Temperatures around the world are reaching and breaking previous records as parts of the planet struggle to cope with a record summer heatwave.
A remote township in China’s arid northwest endured temperatures of more than 52 degrees on Sunday, state media reported, setting a record for the country.
Temperatures at Sanbao township in Xinjiang's Turpan Depression soared as high as 52.2C on Sunday, state-run Xinjiang Daily reported on Monday, with the record heat expected to persist at least another five days.
The Sunday temperature broke a previous record of 50.3 degrees, measured in 2015 near Ayding in the depression, a vast basin of sand dunes and dried-up lakes more than 150m (492ft) below sea level.

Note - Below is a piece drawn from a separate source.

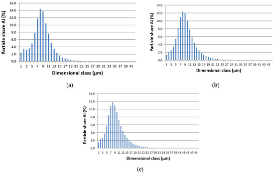 Sample result of the quantitative share of particles in a given class during measurements for the following measuring points: (a) nr 1; (b) nr 2; (c) nr 3.

Since April, countries across Asia have been hit by several rounds of record-breaking heat, stoking concerns about their ability to adapt to a rapidly changing climate. The target of keeping long-term global warming within 1.5C is moving out of reach, climate experts say.
Prolonged bouts of high temperatures in China have challenged power grids and crops, and concerns are mounting of a possible repeat of last year's drought, the most severe in 60 years.
Elsewhere, Death Valley in the United States is approaching its record temperature. The valley along part of inland California’s border with Nevada has long been acknowledged as the hottest place on Earth.
Temperatures were expected to reach a high of 53.33 degrees at the aptly named Furnace Creek, meteorologists with the US National Weather Service said.
Death Valley’s brutal temperatures come amid a blistering stretch of hot weather that has put roughly one-third of Americans under some type of heat advisory, watch or warning.
Las Vegas also faced the possibility of reaching an all-time record temperature over the weekend.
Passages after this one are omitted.